Binary images, or sufficiently good approximations thereto to allow thresholding to binary to give reliable results, arise in the world naturally, and range from bar codes which are designed to be machine readable and give problems to people, to cartoon sketches of politicians the recognition of which by human beings is just this side of miraculous and by machine currently out of the question.
Handprinted characters, signatures, writing on cheques and the results of filling in government forms, all can be captured as, or thresholded to, binary images.
The problem of segmentation arises whenever it makes sense to say there are several different objects in an image, and they are disjoint. Of course, this need not happen at all. Images obtained by pointing a camera at machine parts or other physical objects for the purposes of sorting or counting them can easily look like Fig.2.10.

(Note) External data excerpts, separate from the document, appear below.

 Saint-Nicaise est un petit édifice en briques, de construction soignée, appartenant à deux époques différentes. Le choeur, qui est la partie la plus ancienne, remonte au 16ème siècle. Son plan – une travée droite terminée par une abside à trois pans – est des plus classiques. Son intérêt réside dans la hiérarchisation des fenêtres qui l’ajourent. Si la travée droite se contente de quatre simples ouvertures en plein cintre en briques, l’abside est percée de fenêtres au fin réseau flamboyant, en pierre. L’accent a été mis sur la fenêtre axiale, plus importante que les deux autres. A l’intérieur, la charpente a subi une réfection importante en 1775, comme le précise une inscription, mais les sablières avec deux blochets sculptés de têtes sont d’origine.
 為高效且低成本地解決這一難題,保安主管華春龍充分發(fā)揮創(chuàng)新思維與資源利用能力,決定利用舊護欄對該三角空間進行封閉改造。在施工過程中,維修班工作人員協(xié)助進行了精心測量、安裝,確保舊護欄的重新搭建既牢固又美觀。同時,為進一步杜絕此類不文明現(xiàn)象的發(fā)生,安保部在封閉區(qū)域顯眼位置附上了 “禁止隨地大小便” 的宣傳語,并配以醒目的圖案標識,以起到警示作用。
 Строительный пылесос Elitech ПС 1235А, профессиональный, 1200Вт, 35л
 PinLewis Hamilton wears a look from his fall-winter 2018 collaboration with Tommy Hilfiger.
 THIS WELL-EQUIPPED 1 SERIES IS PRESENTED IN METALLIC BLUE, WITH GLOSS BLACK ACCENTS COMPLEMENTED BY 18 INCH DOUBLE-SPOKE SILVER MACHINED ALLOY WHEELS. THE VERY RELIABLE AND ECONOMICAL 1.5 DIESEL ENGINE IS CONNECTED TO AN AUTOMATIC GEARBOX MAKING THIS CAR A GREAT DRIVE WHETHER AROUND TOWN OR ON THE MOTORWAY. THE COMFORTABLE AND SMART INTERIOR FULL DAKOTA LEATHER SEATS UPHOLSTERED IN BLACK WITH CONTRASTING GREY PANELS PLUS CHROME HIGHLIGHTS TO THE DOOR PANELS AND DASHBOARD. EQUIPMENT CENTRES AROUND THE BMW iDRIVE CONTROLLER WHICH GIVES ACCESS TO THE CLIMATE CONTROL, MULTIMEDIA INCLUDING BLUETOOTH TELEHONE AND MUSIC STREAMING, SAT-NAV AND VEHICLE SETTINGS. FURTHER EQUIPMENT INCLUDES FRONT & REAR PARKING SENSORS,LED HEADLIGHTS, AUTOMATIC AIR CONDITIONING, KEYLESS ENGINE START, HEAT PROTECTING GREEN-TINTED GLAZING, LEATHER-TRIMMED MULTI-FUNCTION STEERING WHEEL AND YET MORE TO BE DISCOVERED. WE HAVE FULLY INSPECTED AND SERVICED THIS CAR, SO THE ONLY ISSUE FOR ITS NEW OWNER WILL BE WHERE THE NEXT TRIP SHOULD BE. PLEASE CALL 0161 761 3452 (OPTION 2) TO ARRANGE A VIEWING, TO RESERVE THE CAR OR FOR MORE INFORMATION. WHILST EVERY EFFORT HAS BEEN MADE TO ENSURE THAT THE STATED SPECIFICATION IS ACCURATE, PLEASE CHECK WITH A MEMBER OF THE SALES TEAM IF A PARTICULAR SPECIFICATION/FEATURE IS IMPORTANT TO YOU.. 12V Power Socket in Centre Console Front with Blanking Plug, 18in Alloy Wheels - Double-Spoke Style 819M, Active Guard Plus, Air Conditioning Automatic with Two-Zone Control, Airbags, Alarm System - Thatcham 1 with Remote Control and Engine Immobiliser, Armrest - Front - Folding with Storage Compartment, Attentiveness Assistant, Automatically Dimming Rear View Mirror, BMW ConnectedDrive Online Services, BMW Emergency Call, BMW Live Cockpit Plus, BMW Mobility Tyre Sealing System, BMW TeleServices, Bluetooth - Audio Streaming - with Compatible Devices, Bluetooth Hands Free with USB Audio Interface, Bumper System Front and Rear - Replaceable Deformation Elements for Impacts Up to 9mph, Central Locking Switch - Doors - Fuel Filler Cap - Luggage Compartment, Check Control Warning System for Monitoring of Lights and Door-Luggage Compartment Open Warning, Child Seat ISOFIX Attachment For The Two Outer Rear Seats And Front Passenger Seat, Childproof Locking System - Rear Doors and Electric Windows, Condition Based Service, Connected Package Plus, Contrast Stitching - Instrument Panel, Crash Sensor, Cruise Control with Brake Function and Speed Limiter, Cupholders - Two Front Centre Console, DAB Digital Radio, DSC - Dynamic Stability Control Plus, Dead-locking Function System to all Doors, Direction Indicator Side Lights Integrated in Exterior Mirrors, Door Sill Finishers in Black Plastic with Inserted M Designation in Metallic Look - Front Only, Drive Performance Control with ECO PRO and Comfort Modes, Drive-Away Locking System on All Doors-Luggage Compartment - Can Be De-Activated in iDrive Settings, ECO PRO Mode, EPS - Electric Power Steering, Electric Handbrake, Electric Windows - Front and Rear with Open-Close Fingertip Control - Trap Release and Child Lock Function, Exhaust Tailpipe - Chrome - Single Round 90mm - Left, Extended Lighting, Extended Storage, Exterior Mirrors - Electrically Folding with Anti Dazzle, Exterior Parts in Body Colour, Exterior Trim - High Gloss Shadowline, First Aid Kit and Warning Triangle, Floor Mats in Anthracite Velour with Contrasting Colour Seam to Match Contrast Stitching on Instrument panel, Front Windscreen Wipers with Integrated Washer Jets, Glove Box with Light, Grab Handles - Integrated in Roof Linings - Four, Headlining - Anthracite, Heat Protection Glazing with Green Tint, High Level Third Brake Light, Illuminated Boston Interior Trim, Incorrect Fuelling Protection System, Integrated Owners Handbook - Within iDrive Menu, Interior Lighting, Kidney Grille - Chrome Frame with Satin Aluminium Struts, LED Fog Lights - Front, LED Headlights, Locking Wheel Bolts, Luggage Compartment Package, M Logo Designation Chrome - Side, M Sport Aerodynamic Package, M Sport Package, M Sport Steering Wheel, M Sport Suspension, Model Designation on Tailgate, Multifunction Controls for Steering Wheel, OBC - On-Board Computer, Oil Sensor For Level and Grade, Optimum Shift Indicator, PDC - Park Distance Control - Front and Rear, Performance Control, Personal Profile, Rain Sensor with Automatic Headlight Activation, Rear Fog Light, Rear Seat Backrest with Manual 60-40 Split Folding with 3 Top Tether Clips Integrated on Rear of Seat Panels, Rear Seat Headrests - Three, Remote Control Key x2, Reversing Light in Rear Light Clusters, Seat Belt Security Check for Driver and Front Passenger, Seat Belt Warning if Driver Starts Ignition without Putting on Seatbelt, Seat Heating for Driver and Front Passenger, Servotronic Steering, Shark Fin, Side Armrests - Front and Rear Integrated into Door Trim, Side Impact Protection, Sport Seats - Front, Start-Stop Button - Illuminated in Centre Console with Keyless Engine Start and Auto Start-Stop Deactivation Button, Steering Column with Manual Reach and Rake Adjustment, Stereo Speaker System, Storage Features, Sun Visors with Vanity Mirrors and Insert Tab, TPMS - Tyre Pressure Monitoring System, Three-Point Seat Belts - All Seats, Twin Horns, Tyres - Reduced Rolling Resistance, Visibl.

Here, the rotational invariance of measurements is of much greater practical importance than with images of characters which tend to come reasonably consistently aligned. The spacings are not as consistent as with printed characters, and may not exist at all. (Some OCR enthusiasts have been known, in their cups, to bemoan the passing of the typewriter, which produced output which is much easier to read automatically than properly printed material. This is in conformity with Alder's Law of artificiality, which states that if it is quick and easy for a machine to do something, then whatever it is will be pretty damned ugly.)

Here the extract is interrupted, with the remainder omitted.